# Snake proof chaps



## *Andi

I can't find a woman's boot that fits and is alright for hitting the back country. (the ones I have now are "boys" and need to be replaced)

Problem is ... I can't find any.  (Size wise that is) I guess most ladies that need them are over 5 ft 6 in in height...(Which I'm not, I'm just under 5 ft)

Soooo ... I'm looking for chaps.

Thoughts ..........

Thanks!


----------



## Jimthewagontraveler

Last time I bought any was a Bass pro sale and boy were they nice.
Fair warning $$$
They also took forever to lace up since they came to knee high.
But they lasted years.
Have you considered making leg protectors that go over your boots and up to the knee from rawhide?
Rawhide is very very pliable and stretchey when soggy then after it dries hard you just saddle soap it.
This was a very popular item in the late 1800-early 1900s.
They can still be found in flea markets very cheap and fairly often.
I would suggest you look at places where horse riding people go although they most often use them for thorns and brush poppin acessories.
And yes folks we still ask our horses to go places we cant walk or drive.


----------



## *Andi

Jimthewagontraveler said:


> Last time I bought any was a Bass pro sale and boy were they nice.
> Fair warning $$$
> They also took forever to lace up since they came to knee high.
> But they lasted years.
> Have you considered making leg protectors that go over your boots and up to the knee from rawhide?
> Rawhide is very very pliable and stretchey when soggy then after it dries hard you just saddle soap it.
> This was a very popular item in the late 1800-early 1900s.
> They can still be found in flea markets very cheap and fairly often.
> I would suggest you look at places where horse riding people go although they most often use them for thorns and brush poppin acessories.
> And yes folks we still ask our horses to go places we cant walk or drive.

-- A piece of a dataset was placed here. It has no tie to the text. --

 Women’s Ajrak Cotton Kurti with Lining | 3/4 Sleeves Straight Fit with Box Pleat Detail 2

I have the chaps that I use for riding but I want a pair for hiking. (Which my riding chaps would be a pain) And yes, I did think about making a pair or calling my cuz to do so for me... she has all the stuff for making them but a little of a back log problem. (but I may do it in the end... if need be.)


----------



## hiwall

Have you thought about Gaiters?

http://www.cabelas.com/product/Whit...=55314213702&gclid=CMLly-XqsLkCFStxQgodFBsA4g


----------



## camo2460

Andi why don't you make a pair of Indian leggings out of leather, they slip on over your pants and have a loop at the hip for your belt and are easy to make your self. I don't have a link but if you Google Indian leggings I'll bet you can find some ideas


----------



## *Andi

hiwall said:


> Have you thought about Gaiters?
> 
> http://www.cabelas.com/product/Whit...=55314213702&gclid=CMLly-XqsLkCFStxQgodFBsA4g


Yes ... but mine need to be under 14 inches...


----------



## *Andi

camo2460 said:


> Andi why don't you make a pair of Indian leggings out of leather, they slip on over your pants and have a loop at the hip for your belt and are easy to make your self. I don't have a link but if you Google Indian leggings I'll bet you can find some ideas


I'm looking at them ... but I was also looking at a different op's.

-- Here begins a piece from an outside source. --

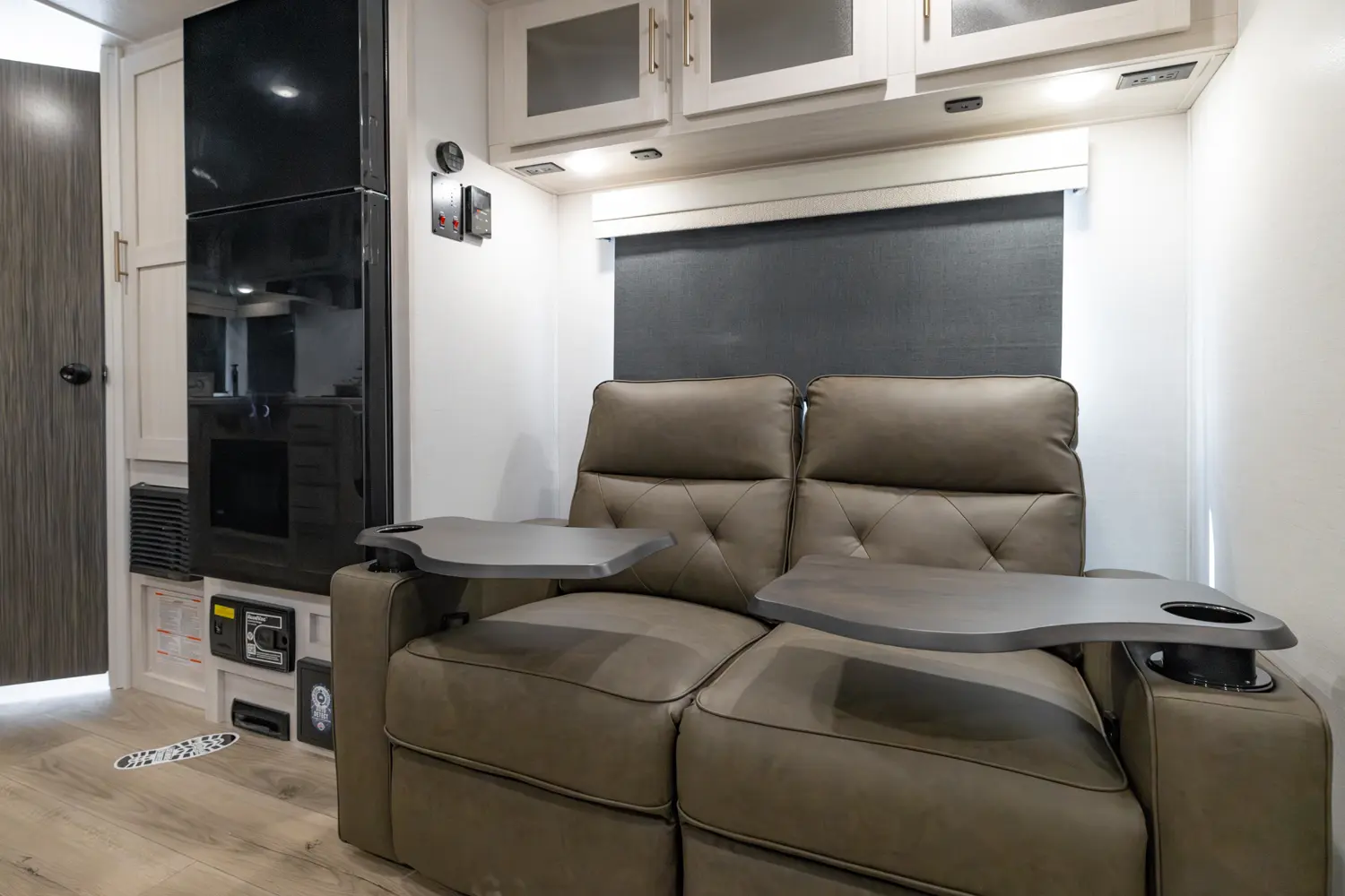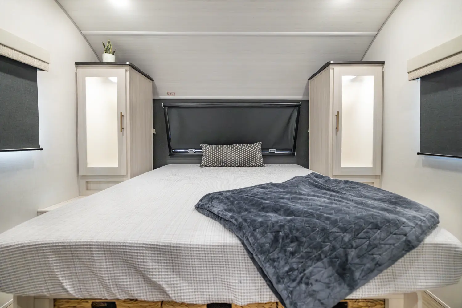 The RP-205 blends lightweight towing with a spacious layout. A private queen bedroom offers comfort and privacy, while the rear corner kitchen and booth dinette create a functional living space. The full bath adds convenience, and the theater seating enhances comfort. With modern finishes and smart storage, this no slide trailer is ideal for couples or small families seeking compact, full-featured adventures.

But it is looking more to the special made side of things ...


----------



## Mortblanc

If you are less than 5' and are only 14" from ankle to knee most snakes will be able to strike over the protection.

I do a lot of bushwacking in the KY hills that resemble your VA habitat, same snakes same vegetation. I use full length leggings that go up to the thighs and tie into the pants belt for support.

--------------------------------------------------------------------------------

Back in the day, when the snakes were thick and bushwacking was the only way to get around, everyone wore leggings.

Some of the early settlers wrapped blanket material around their legs until it was thick enough that the fangs would not penetrate, but I am sure that was a bit warm in summers.

Leggings are easy to make and last for years. You could even sew heavy rawhide over the leather below the knee as extra protection.

http://www.nativetech.org/seminole/leggings/index.php

__________________


----------



## Mortblanc

deleted, double post


----------



## *Andi

Third one in the last week ... they are on the move. Found this one at the lake as we was giving the boat a double check before heading home. It was a little over three feet long, and looked to be eating well.


----------



## SlobberToofTigger

*Andi said:


> Third one in the last week


Dinner!

It may sound strange but if you start eating them (or just killing them, but they are very tasty when sautéed with white wine, butter, garlic and chives) thier numbers will drop pretty fast. Their reproductive cycle is not designed with predation of breeding age adults in mind. So a little messing with the plan can clean them out of your area for a long time.

You could probably cut off the bottoms of these so they fit and then re stretch the plastic...
http://www.amazon.com/Bell-Ranger-2810D-Plastic-Snake-Leggings/dp/B003AKJFAS


----------